EXERCISE GOAL:
The required output is the exact run of lines in the listing below from the line holding "日期 姓名 籍贯 身份证 出生年份 受赠金额 学校 学业阶段" through the line holding "Look the part", with no pictures.

DATA SUPPLIED:

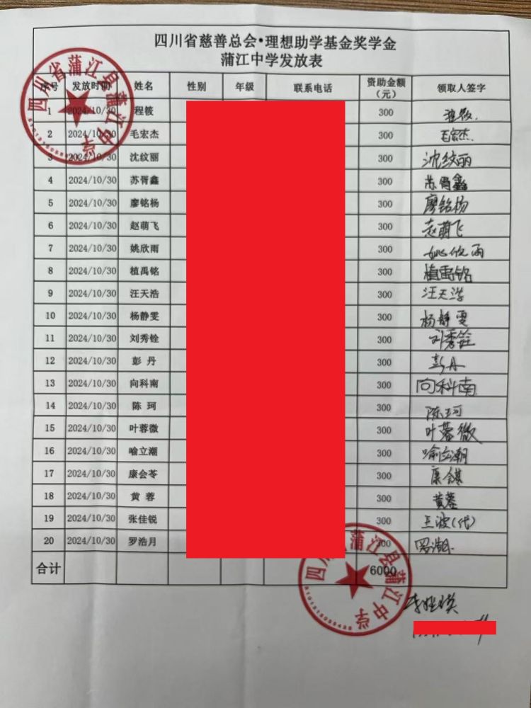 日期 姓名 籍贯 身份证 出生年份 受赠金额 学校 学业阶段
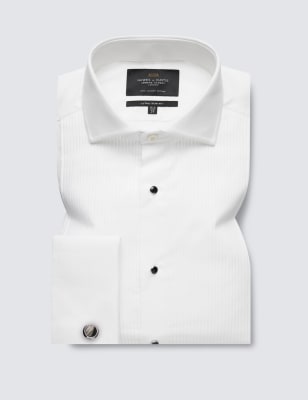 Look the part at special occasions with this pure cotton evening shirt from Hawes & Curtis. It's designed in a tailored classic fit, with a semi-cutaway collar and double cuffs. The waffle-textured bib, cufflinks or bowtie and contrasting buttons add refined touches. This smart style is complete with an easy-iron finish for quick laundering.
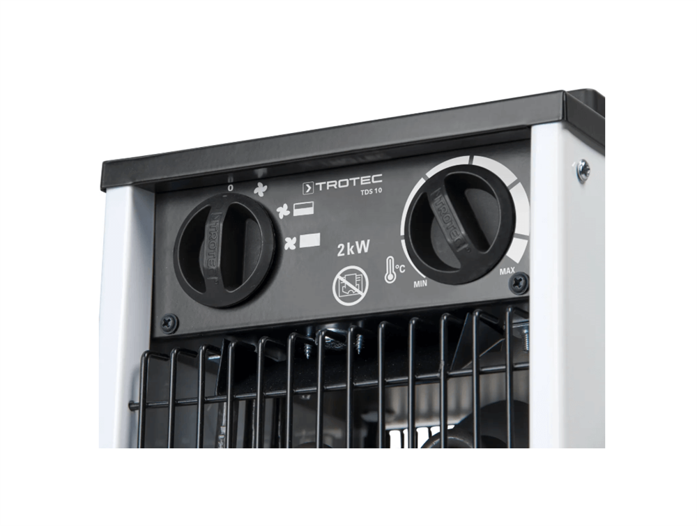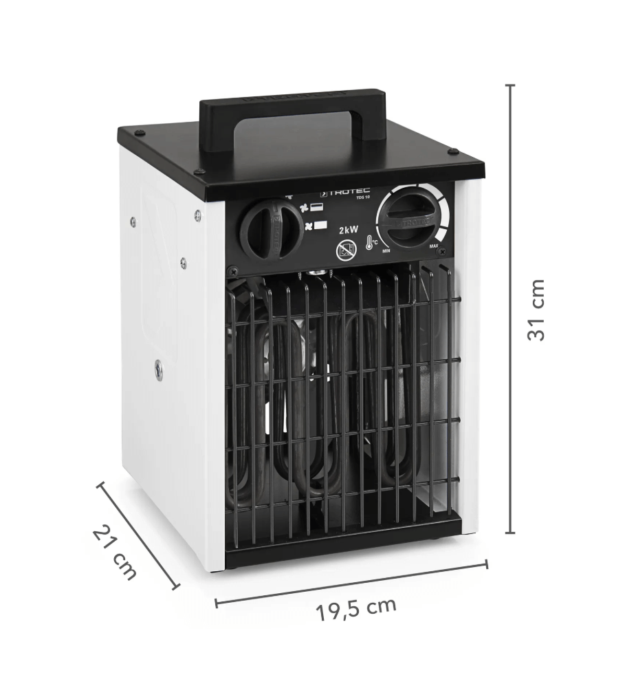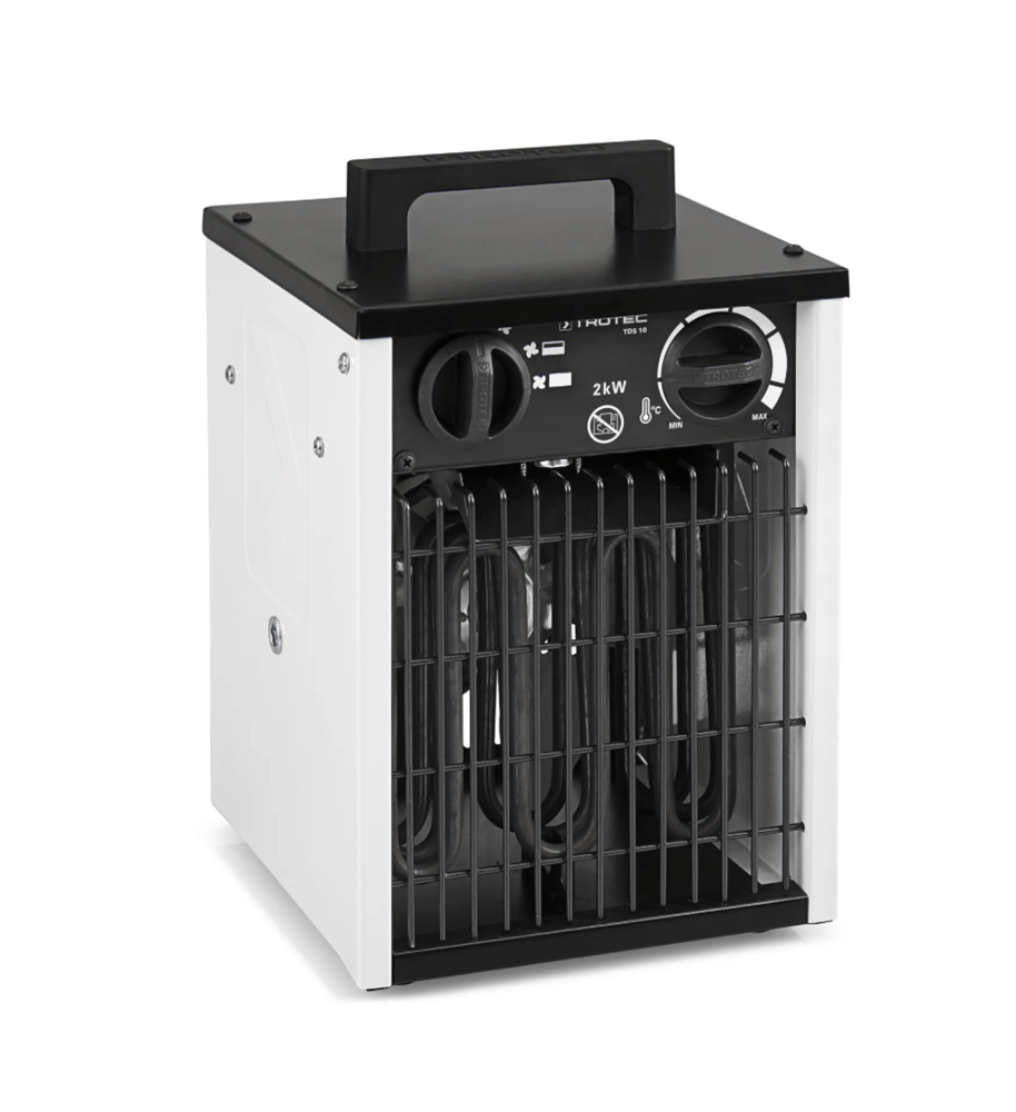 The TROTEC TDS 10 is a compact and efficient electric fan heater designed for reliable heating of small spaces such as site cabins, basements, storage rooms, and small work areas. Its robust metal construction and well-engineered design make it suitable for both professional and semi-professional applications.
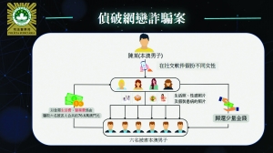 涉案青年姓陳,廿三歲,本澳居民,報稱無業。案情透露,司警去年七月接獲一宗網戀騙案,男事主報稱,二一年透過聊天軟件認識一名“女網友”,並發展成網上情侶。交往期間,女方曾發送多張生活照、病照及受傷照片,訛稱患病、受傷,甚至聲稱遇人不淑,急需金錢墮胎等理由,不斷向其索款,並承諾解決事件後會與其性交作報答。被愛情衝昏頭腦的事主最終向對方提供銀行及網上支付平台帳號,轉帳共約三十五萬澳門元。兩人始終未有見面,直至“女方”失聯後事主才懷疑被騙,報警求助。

...

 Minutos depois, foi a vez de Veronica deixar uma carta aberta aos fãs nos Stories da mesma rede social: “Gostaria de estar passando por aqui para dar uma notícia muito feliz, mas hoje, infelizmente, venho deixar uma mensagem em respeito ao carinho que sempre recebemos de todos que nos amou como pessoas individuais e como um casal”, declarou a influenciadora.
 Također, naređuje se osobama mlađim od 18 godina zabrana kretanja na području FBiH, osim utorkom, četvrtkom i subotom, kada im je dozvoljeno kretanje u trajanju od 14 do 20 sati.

TASK ANSWER:
 日期 姓名 籍贯 身份证 出生年份 受赠金额 学校 学业阶段
 Look the part at special occasions with this pure cotton evening shirt from Hawes & Curtis. It's designed in a tailored classic fit, with a semi-cutaway collar and double cuffs. The waffle-textured bib, cufflinks or bowtie and contrasting buttons add refined touches. This smart style is complete with an easy-iron finish for quick laundering.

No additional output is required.